You can argue that it's not fair that football players get so many more resources thrown at them. But at this level, they are a huge source of funding for the university. Through things I've heard from his coaches (I've been lucky enough to meet the head coach, the offensive coordinator, and a few others), my guess is that the university brings in somewhere in the neighborhood of $100M/year from football and spends something like 30% of that on football and support for the players. That 30% is seen as protecting the rest of the $100M (if the team doesn't do well, that money is at risk). These numbers are for a university that is not a perennial top 20 team, so I'm sure the numbers can be significantly higher for the top football programs.

> He'd love to play professionally. Now that he's the wise old age of 20, he understands how low the odds are

Odds are low, but not zero, especially if he is at a power 5 school.

I have a relative who was in the nfl until recently. Some (summarized) comments from him:

- Focus on technique. There can be substantial differences in size, strength, and skill in college such that sloppy technique can often get the job done. Not so in the NFL. Good technique and good ability to be coached will an asset.

- Focus on good technique in the weight room. This will both develop the right kind of strength and lower risk of injury. Good flexibility via stretching and yoga are also an important part of strength training.

- Get nutrition right asap. This includes moderation of drinking and junk food. There will be people who can help with this.

- Don’t settle for good enough. Most of the future NFL guys are so good that the opponent has to plan around them specifically. Be that thorn in the opposition’s side.

> my guess is that the university brings in somewhere in the neighborhood of $100M/year from football and spends something like 30% of that on football and support for the players. That 30% is seen as protecting the rest of the $100M

Yep.

What many people don’t realize is that revenue from football and basketball fund or cover funding gaps for all of the other sports at the bigger schools.

Not to mention that alumni donations and quality of applicants increase when the high profile teams do well. Simple example, the University of Alabama has seen a substantial increase in out-of-state applicants since Saban arrived.

Best of luck to your nephew, and I hope he makes it to the NFL.

> I’m guessing that you grossly underestimate the academic support for athletes.

> 1. Most athletes take fewer and easier classes during their season

This only makes sense if the goal of academia is to get students to pass tests, rather than to get them to learn.

While it's true that athletes get a lot of support (at least for money-making sports like football), that doesn't make it okay! Most college athletes aren't going to go pro, and so getting a rushed and watered-down education is not serving their best interests in their career beyond. Of course they're adults and how much they learn is up to them, but increasing the time and travel commitment of athletics greatly increases the pressure and need to rely on this "academic support", even more so than they do is today.

Also...while the football players will probably be fine, the same cannot be said about all students.

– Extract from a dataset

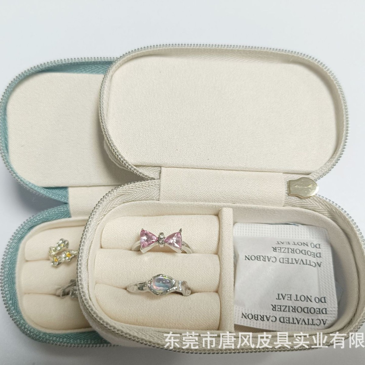 Mini Zipper Jewelry Ring Earring Storage Box Velvet Portable Travel Jewelry Box Jewelry Box Wholesale Cross-Border

For example, marching band also requires heavy time commitments and lots of travel, but these students receive little funding and no academic support. Last year when my school's football team went to a bowl game, the team was of course flown out and had a great time while my friends on the marching band came back with horror stories. The school was supposed to handle all the travel arrangements, but they consistently cheaped out and forgot about important things like food -- the whole band was loaded up into a stuffy tour bus for 16 hours without a single meal.

Or, consider less-funded athletic departments like the University of Oregon's beach volleyball team. UO is a top athletic school with a Nike sponsorship deal and a huge budget; the football team (in)famously wears brand new uniforms each week, whereas less-profitable sports are so badly underfunded that the school is under Title IX investigation for mistreatment of women athletes: https://www.oregonlive.com/ducks/2023/07/oregon-ducks-beach-...

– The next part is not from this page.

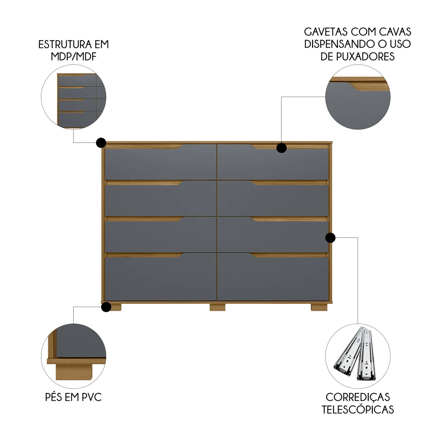 Quantidade de Gavetas: 8 Gavetas.

> The team practices and plays home games in a city park. The players, who do not receive athletic scholarships, have had to use a public restroom with no doors on the stalls. At times, they’ve driven hundreds of miles for games and stayed three or four to a room and had to share beds.

These students' situations are going to get a LOT worse now that they're competing entirely against teams from the opposite side of the country.

As far as I knew, the plan for Cal/Stanford was to have all their non money making sports games (outside of their rivalry) at Southern Methodist in Texas. So the football and basketball games were to be played 'normally', but lacrosse and soccer, for example, were to be at SMU. I'd also heard that a lot of the 'lesser' sports were just going to be keeping on with the PAC12 league anyways, things like water polo which the ACC pretty much doesn't play.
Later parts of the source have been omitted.